# red light and piranhas



## CKY (Apr 14, 2003)

I've heard that when there is a red light on the tank of snakes they can't see, and they think it's completely dark. Well if your piranha is shy than you can just buy a red light and shut off all the lights in the room to watch them eat. Or just use the red light all the time so they think it's dark in the tank but really it's not. It also has a cool effect.


----------



## mats13 (Dec 22, 2003)

yea ive been looking for red lights cant find em wanna check it out


----------



## jackburton (Nov 25, 2003)

sounds like a good idea ill give it a go


----------



## X-D-X (Jul 3, 2003)

it is good from what i've heard!!


----------



## Noble (Nov 9, 2003)

I had a post a few weeks ago about "Recipe for a piranha frenzy".

In the post I had pictures and a few peeps said that the lighting might have been part of it.

I have red a blue gels.

Just in case you can't get colored lights go to a local camera shop and see if they have colored gels.

Get a thick gel like a 280 red. This way it will still be saturated red with a bright light instead of pink.

Then turn off all the house lights and put on the red or dark blue, I also have green it works great as well as long as it diffuses the light a little, and the P's begin running around the tank after a minute or so.

Of course if they are in thier sleep cycle you just gatta let em chill.
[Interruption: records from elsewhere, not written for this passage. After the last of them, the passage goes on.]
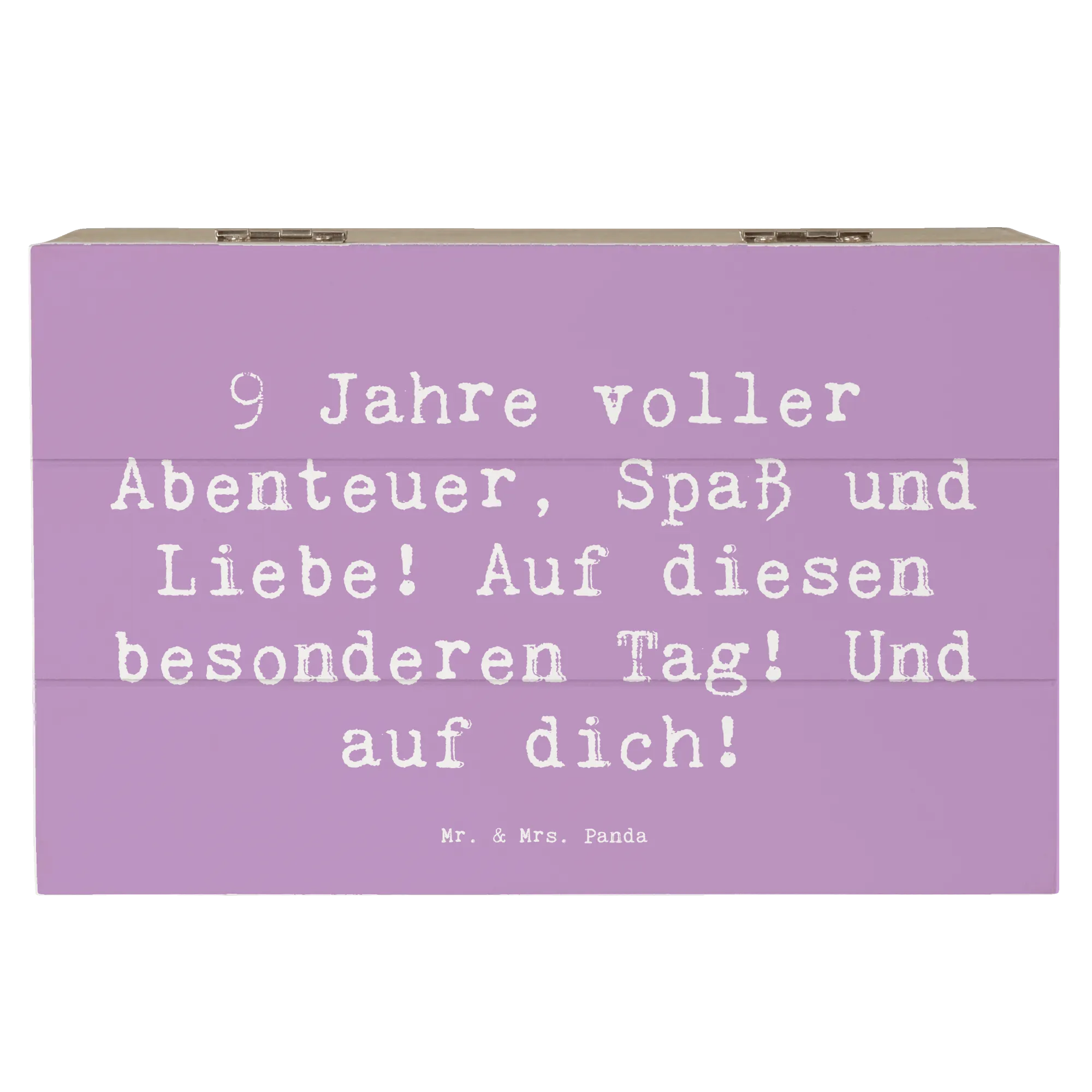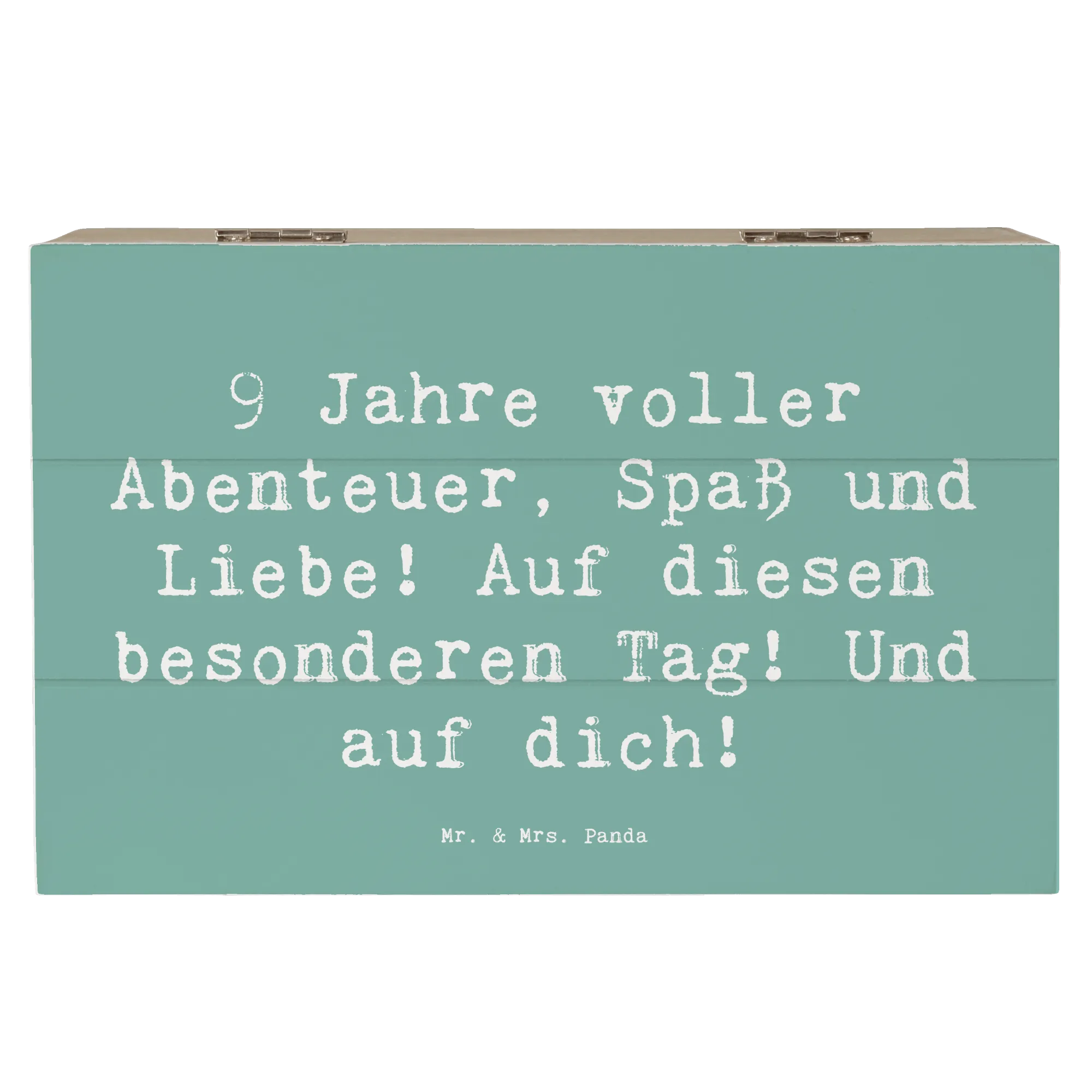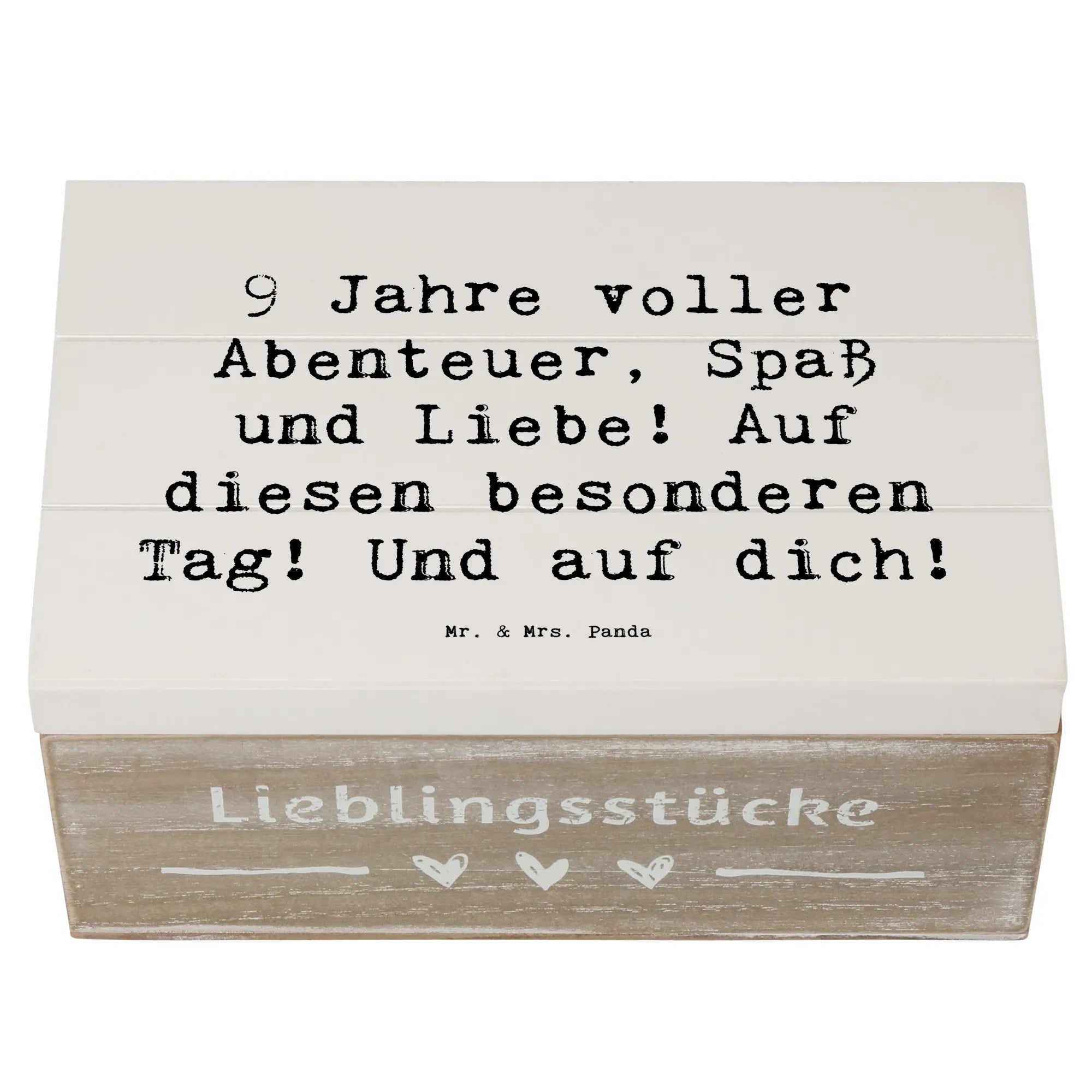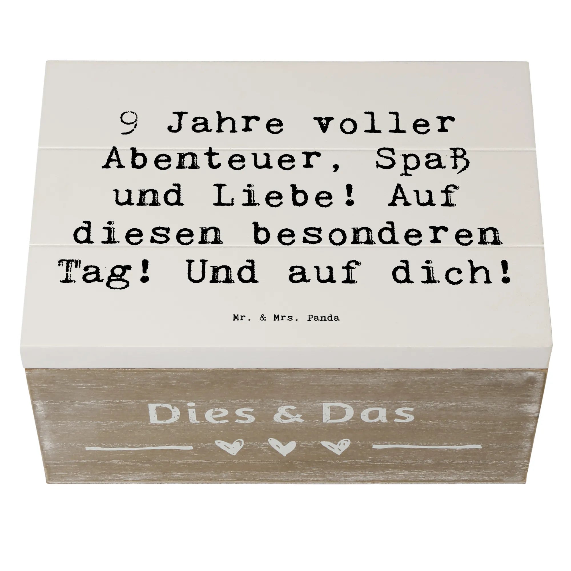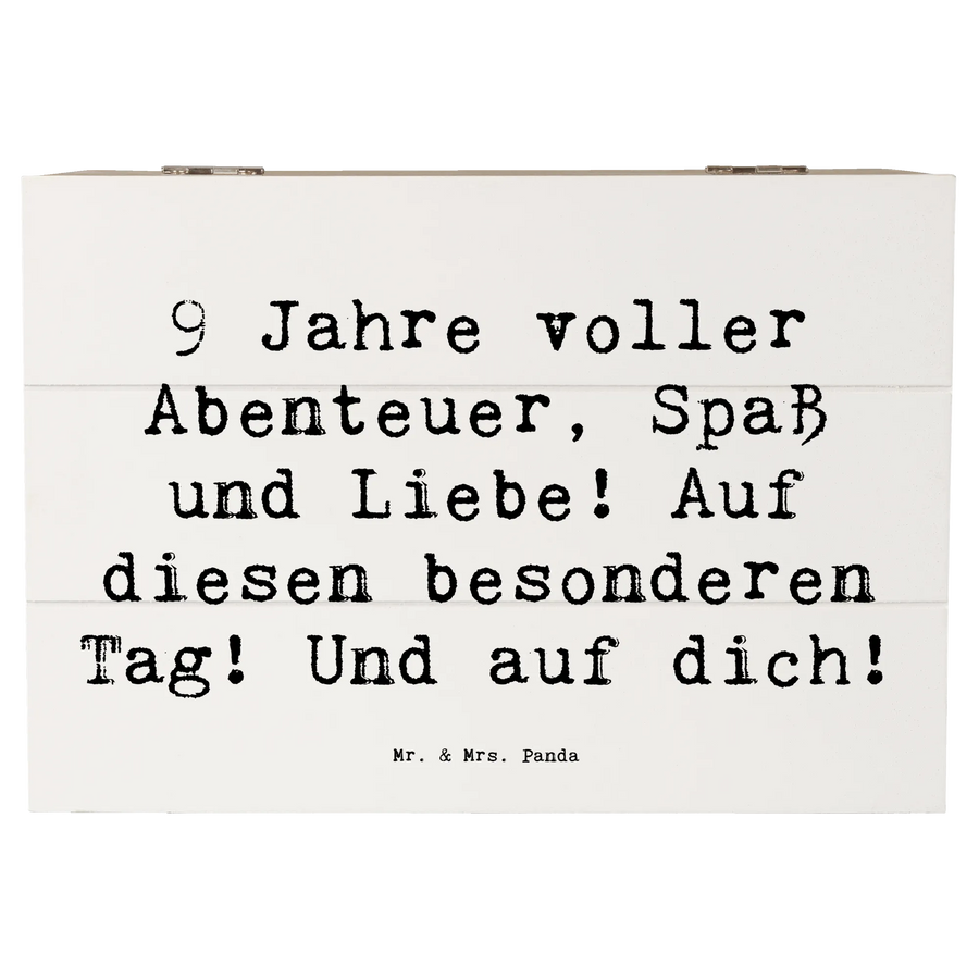 Die wunderschöne Holzkiste von Mr. & Mrs. Panda ist das perfekte Geschenk zum 9. Geburtstag und bringt Freude und Liebe in jeden Raum. Diese liebevoll gestaltete Kiste ist nicht nur praktisch, sondern auch ein echter Hingucker. Mit dem Spruch "9 Jahre voller Abenteuer, Spaß und Liebe! Auf diesen besonderen Tag! Und auf dich!" wird jeder, der diese Kiste erhält, an unvergessliche Momente seiner Kindheit erinnert.
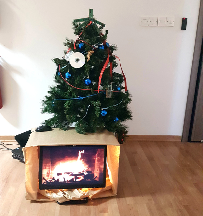 19. Get into the Christmas spirit by using a laptop and TV to create a cozy fireplace
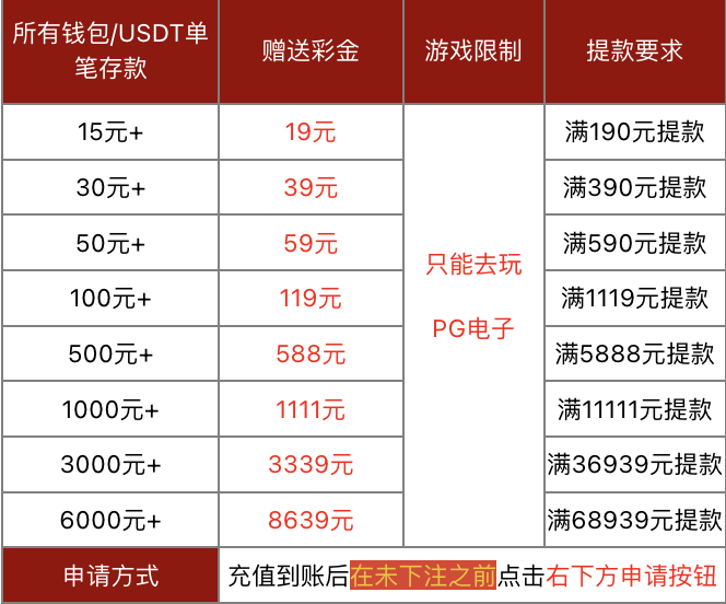 **注意:**本活动不与《PG电子以小博大》共享,一笔存款只能申请一项优惠!街机游戏,棋牌百家乐,21点,电子桌面游戏不参与此活动。
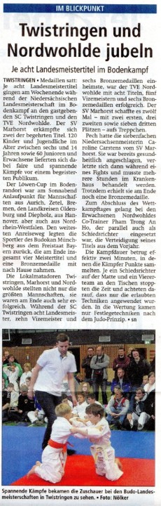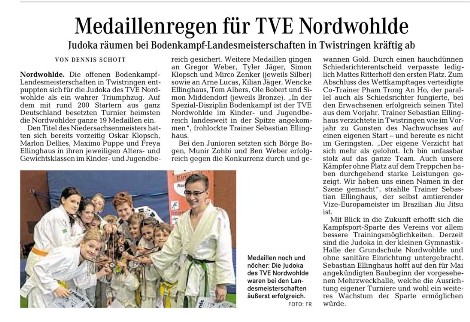 Den Titel des Niedersachsenmeisters hatten sich bereits bis zum frühen Nachmittag in ihren jeweiligen Alters- und Gewichtsklassen im Kinder- und Jugendbereich Oskar Klopsch, Marlon Dellies, Maximo Puppe und Freya Ellinghaus gesichert. Weitere Medaillen gingen an Gregor Weber, Tyler Jäger, Simon Klopsch und Mirco Zenker (jeweils Silber), sowie an Arne Lucas, Kilian Jäger, Wencke Ellinghaus, Tom Albers, Ole Bobert und Simon Middendorf (jeweils Bronze). In der Spezial-Disziplin Bodenkampf ist der TVE Nordwohlde damit im Kinder- und Jugendbereich landesweit in der Spitze angekommen.

My P's are thier most active between 6 am and 10 am and then between 9pm and midnite.


----------



## PastorAdam (Dec 16, 2003)

I had 4 Redbellies that were good in size, but were a bit shy about eating. I used a red light, it worked well and it did allow me to see more of the feedings.

Another thing that worked well was just turning off the lights in the surrounding room, an dimming the lights in my tank. It seemed to give the tank a more natural feel to it, like the P's were at home in the bottom of the river.

Happy Huntings,

Adam


----------



## SERRAPYGO (Feb 4, 2003)

To my knowledge, a fishs' vision is much like our own, making a red light useless for what you want to use it for.


----------



## WilliamBradley (Nov 23, 2003)

CKY said:


> I've heard that when there is a red light on the tank of snakes they can't see, and they think it's completely dark. Well if your piranha is shy than you can just buy a red light and shut off all the lights in the room to watch them eat. Or just use the red light all the time so they think it's dark in the tank but really it's not. It also has a cool effect.


 OT:

You're a fan of H.I.M! they rock! I've seen them live like last year and I'm going to see them again on january


----------



## X-D-X (Jul 3, 2003)

try it and lets us know what happens!!


----------



## CKY (Apr 14, 2003)

yeah man HIM rocks







havn't been able to see them live yet tho. Also I'm gonna buy a red light real soon. I'll let you know how it goes.


----------



## BanditBrother (Nov 8, 2003)

Sounds interesting!!!


----------



## RhomZilla (Feb 12, 2003)

CKY said:


> I've heard that when there is a red light on the tank of snakes they can't see, and they think it's completely dark. Well if your piranha is shy than you can just buy a red light and shut off all the lights in the room to watch them eat.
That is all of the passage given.